Una de las grandes cualidades que se exigen tanto a los humoristas como a los timadores, jugadores o, en general, artistas del engaño es la contención: mantener un semblante recto, seco y sobre todo no forzado, mientras se narra un chiste o se despluma a un inocente, es una cualidad que por sí misma delata un oficio.

Esta mañana, mientras recorríamos el mundo a través de los ojos de Londres (las ruidosos mercadillos de Elephant&Castle, las sórdidas Docklands bengalíes u la estúpida Oxford Street, conocida como la M30 londinense por las taladradoras que la percuten todo el día) un individuo nos ha enseñado lo que sería, previo pago, nuestra habitación. El caso es que no era una habitación: era el salón. Ante la posibilidad de que un lapsus hubiera asaltado a mi futuro compañero – pues en el living tan solo había un sofá desvencijado, forrado con mugre- le pregunté si aquella iba a ser nuestra habitación, y me quedé a mitad de frase, porque descorrió una sábana que parecía cubrir un armario y mostró la cama doble. No sonrió un instante y a mí me sorprendió este detalle, porque afeaba el número: si hubiera dicho ¡tachán! justo después de correr la improvisada cortina, me caigo redondo al suelo.
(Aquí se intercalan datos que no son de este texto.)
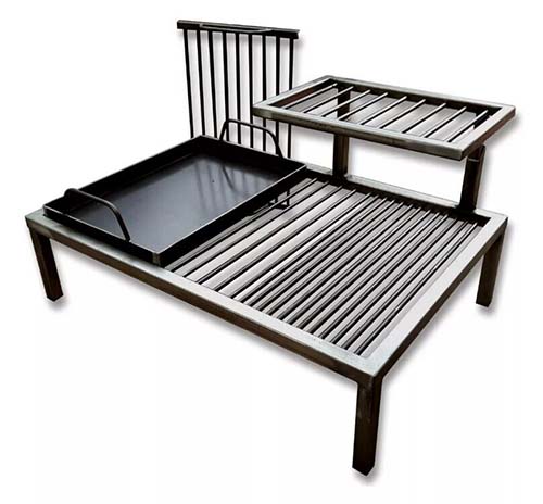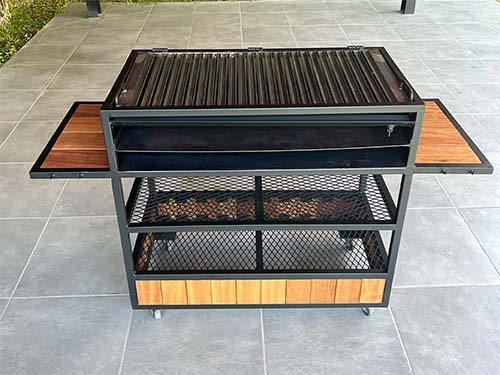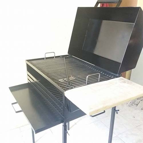 - Sin tapa: Son los modelos más económicos del mercado. Un asador de herreria que está compuesto por una o dos parrillas, una zona de trabajo y un par de baldas para guardar los utensilios de cocina. Generalmente, tienen forma rectangular.
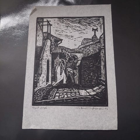 Træsnit, Petter Pettersson:, motiv: ”Døren”.
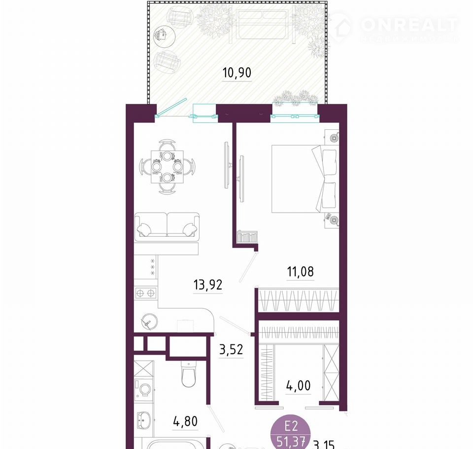Общая площадь 51.4 м2
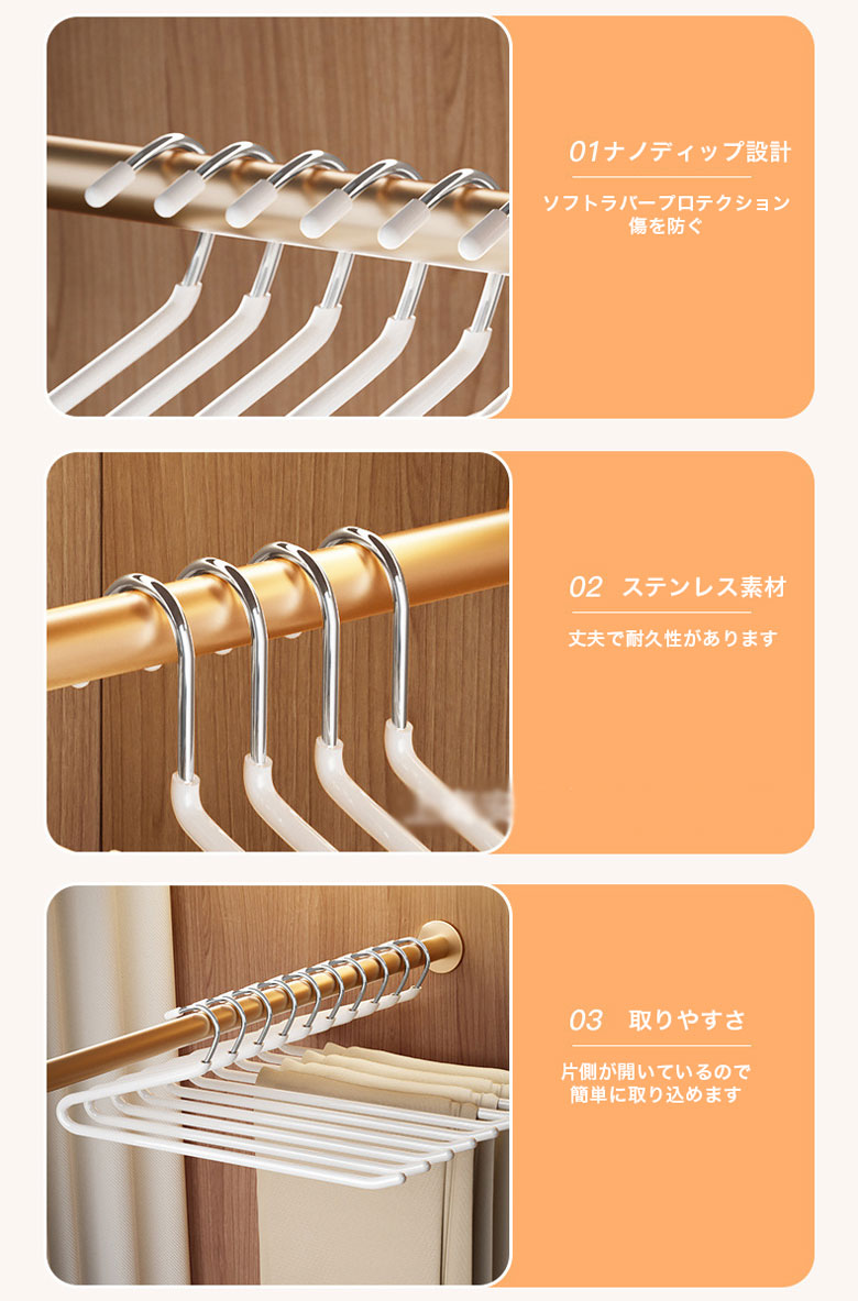 シームレス 多機能 ハンガー 滑らない 5本 10本 20本 30本 Aタイプ:ホワイト Bタイプ:ホワイト
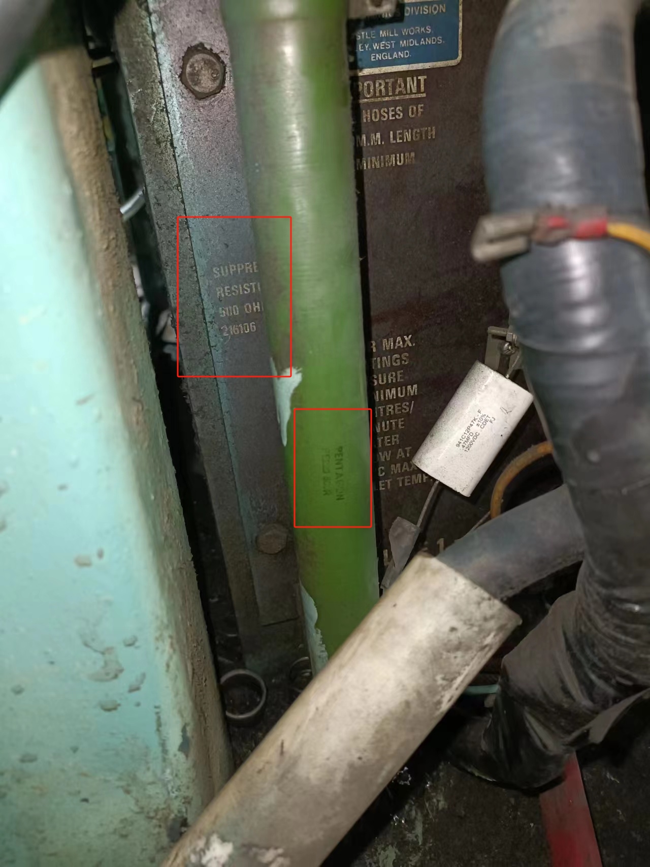 請問各位專家,有沒有見過如下的電阻(個人感覺像是能耗電阻)是做什么用的?它是在五金制品的碰焊機上使用的,其電路原理是兩相380V電源經(jīng)過可控硅后給焊接變壓器通電開始焊接,然后這個電阻是不是在焊接結(jié)束時給變壓器儲能釋放用的?誰有見過類似的應(yīng)用?第二張圖電阻上標著“PE220,500R”,個人感覺應(yīng)該是功率220W,阻值500Ω吧?
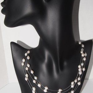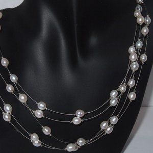Genuine Fresh-Water Pearls 5 Strands on 16 Inch Silver Necklace.

Hace un par de días nos abrió una rusa: ella misma había alquilado el piso, de tres habitaciones, cada habitación (estrechas como un barquito dentro de una botella) venía a salir por 800 libras. Pero lo más curioso del asunto no era que se tratara de mantener con nuestro caudal a la estudiante rusa, sino cómo recibía a los inquilinos: debían ser en su mayoría hombres, de ahí el vestido ceñido, recortado por encima de las rodillas, escote ligerito, dejando al aire unas lolas de las que, humanamente, era imposible despegar la nariz. En el momento de recibirnos «estaba estudiando estadística» de esta guisa, fresca, satinada, muy eslava. La habitación grande ya había sido reservada de inmediato por un soltero que la había visitado minutos antes que nosotros.

Lo mejor de Londres y de la estomagante contención de sus modos, es que uno no sabe si visita una habitación o una obra de arte. No faltan críticos que adviertan de la gran farsa de la que vive el arte moderno, que el chito se va a acabar de un momento a otro y que van a acabar todos en el paro. Al superávit de críticos más corrosivos podrían inventarles nuevas profesiones: críticos inmobiliarios. Un tipo nos ofrece una habitación en Oxford Street. En el anuncio son 200 libras a la semana, de repente se han convertido en 250 libras. La culpa la tiene la nueva arquitectura minimalista: lo chic, en Londres, es que la habitación no sea habitación. Aquí no había cama-sorpresa detrás de una cortina, ni sugerentes rusas que bailan la lengua tras los carrillos: no había nada, bueno sí, había un tipo encima de una mesa. En concreto había cuatro: tres serraban, claveteaban y lijaban listones y un tercero descansaba encima de un mueble del mismo material. Los cuatro me miraban como animales nocturnos deslumbrados por los faros de un automóvil, los cuatro formaban parte de una performance a 250 libras la sesión semanal, con baños ocupados, camas deshechas y ventanas tapiadas. Y este tipo no se reía.

Un tipo duerme encima de mi mesa. Si lo meto en formol, me hago de oro.